GENECARD is a collaborative study involving investigators affiliated with the Duke Center for Human Genetics, the Duke University Center for Living, the Duke Clinical Research Institute, the Duke University Consortium for Cardiovascular Studies, and additional investigative sites of the GENECARD Study Network. The study is coordinated at Duke and located throughout five other international sites, and the study design has been previously reported . In brief, collection of families began in March 1998 and was completed on 31 March, 2002. All study participants signed a consent form approved by the responsible institutional review board or local ethics committee.

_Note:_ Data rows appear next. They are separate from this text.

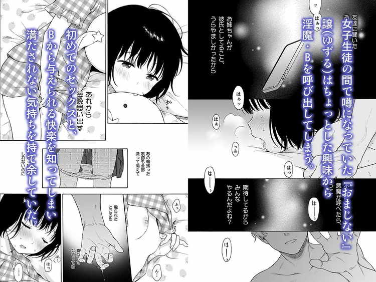 「マヨナカ侵略者」の続編です。おまじないで呼び出した悪魔・淫魔Bに処女を奪われ、初めてのセックスを体験した少女・譲ちゃん。あの快楽と興奮を忘れることができないまま過ごしていたある日、再び淫魔Bと出会える事に。「もう一度して欲しい…」という譲の願いを快く引き受け、あの時よりも刺激的なセックスが始まる。初めてのフェラチオ、尻尾によるクリ責め、中出しセックス…初心な少女は性の快楽を知り、女へと変わってゆく。エッチに興味が湧いてくる年頃の少女の気持ちや、前回同様に体格差セックスが高評価。超人気エロ漫画の第二弾です。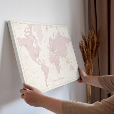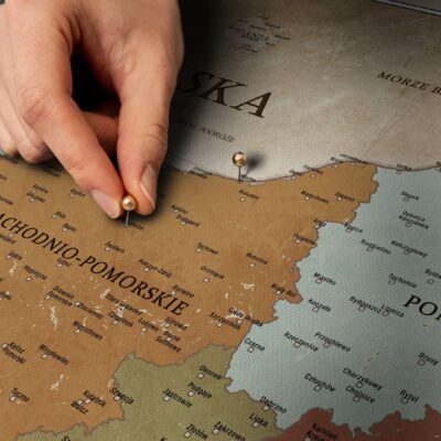 Mapa jest gotowa do powieszenia i nie wymaga dodatkowej ramy. Płótno jest ciasno naciągnięte na ramę z podkładem, dzięki czemu pinezki idealnie przylegają do mapy, umożliwiając zaznaczenie wybranych miejsc.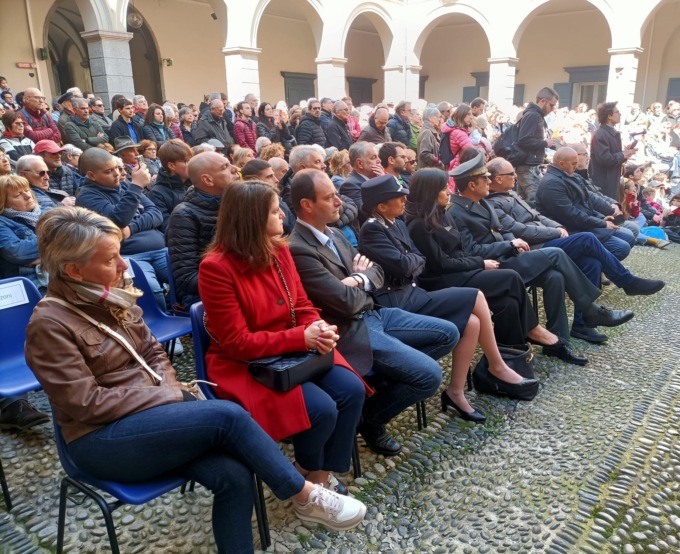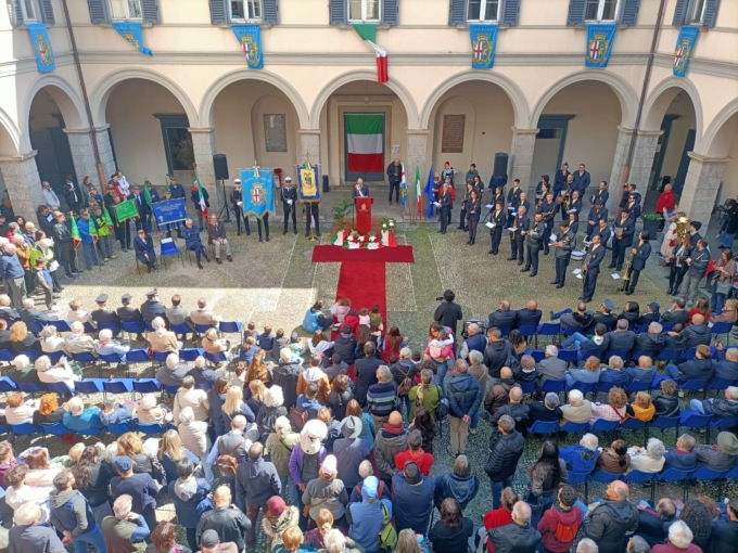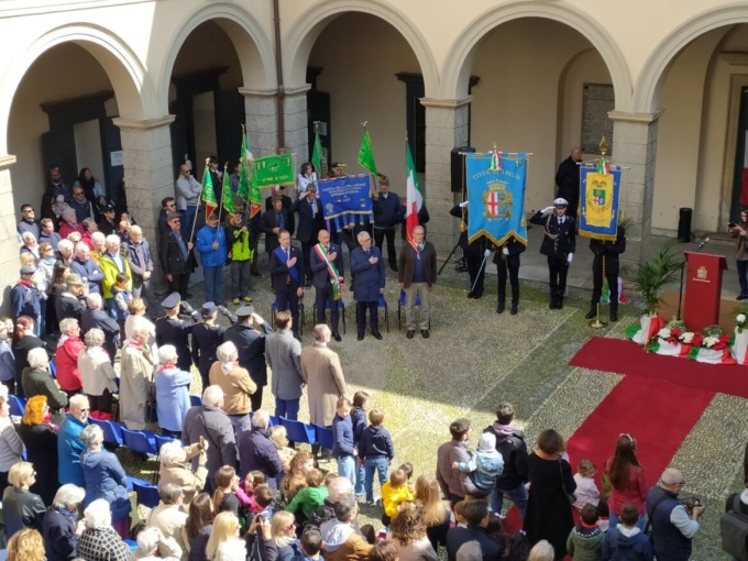 La cerimonia del 25 aprile è poi proseguita nel cortile di Palazzo Bovara dove Raffaella Cerrato, a nome della Tavola della Pace di Lecco, ha letto il decreto con il quale il presidente della Repubblica, il 19 settembre del 1974 ha conferito a Lecco la Medaglia d’Argento al valor militare per l’attività partigiana.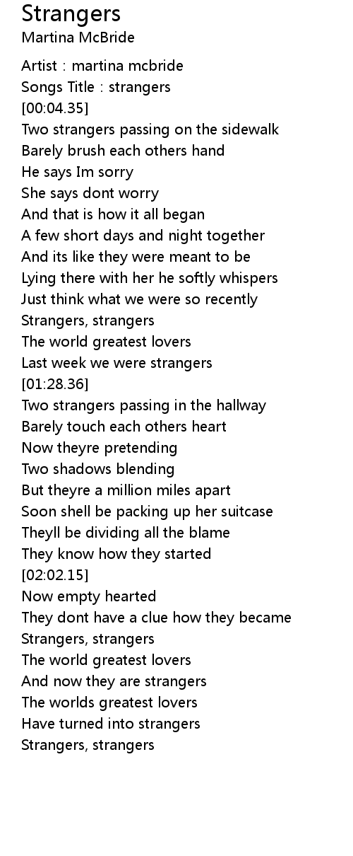 | [00:11.19] | Two strangers passing on the sidewalk |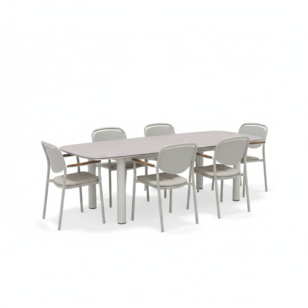 PAYSAGE SET TAVOLO + 6 SEDIE IMPILABILI VANESIA ALLUMINIO TORTORA – OPEN D

The sample set used for the initial genome-wide linkage screen within the GENECARD project was composed of 493 affected sibling pairs in 420 families, where at least two siblings met the criteria for early-onset CAD. The characteristics of this study group are summarized in Table 2 and elsewhere [11,25]. We have expanded our collection to include an additional 681 families together with a large number of unaffected participants from all families. Unaffected participants were defined as siblings and relatives who have not been diagnosed with CAD and are older than 55 y of age (males) or older than 60 y of age (females). This additional collection has increased our sample size to 2,954 affected and unaffected individuals (Table 2).
Early-onset CAD case-control sample (CATHGEN).
CATHGEN participants were recruited sequentially through the cardiac catheterization laboratories at Duke University Hospital (Durham, North Carolina, United States) with approval from the Duke Institutional Review Board. All participants undergoing catheterization were offered participation in the study and signed informed consent. Medical history and clinical data were collected and stored in the Duke Information System for Cardiovascular Care database maintained at the Duke Clinical Research Institute .
Controls and cases were chosen on the basis of extent of CAD as measured by the CAD index (CADi). CADi is a numerical summary of coronary angiographic data that incorporate the extent and anatomical distribution of coronary disease . CADi has been shown to be a better predictor of clinical outcome than extent of CAD . Affected status was determined by the presence of significant CAD defined as a CADi ≥ 32 . For patients older than 55 y of age, a higher CADi threshold (CADi ≥ 74) was used to adjust for the higher baseline extent of CAD in this group. Medical records were reviewed to determine the AOO of CAD, i.e., the age at first documented surgical or percutaneous coronary revascularization procedure, myocardial infarction, or cardiac catheterization meeting the above-defined CADi thresholds. The CATHGEN cases were stratified into a young affected group (AOO ≤ 55 y), which provides a consistent comparison for the GENECARD family study. Controls were defined as ≥60 y of age, with no CAD as demonstrated by coronary angiography and no documented history of cerebrovascular or peripheral vascular disease, myocardial infarction, or interventional coronary revascularization procedures. A comparison of clinical characteristics between GENECARD and CATHGEN probands and unaffected CATHGEN controls is presented in Table 3.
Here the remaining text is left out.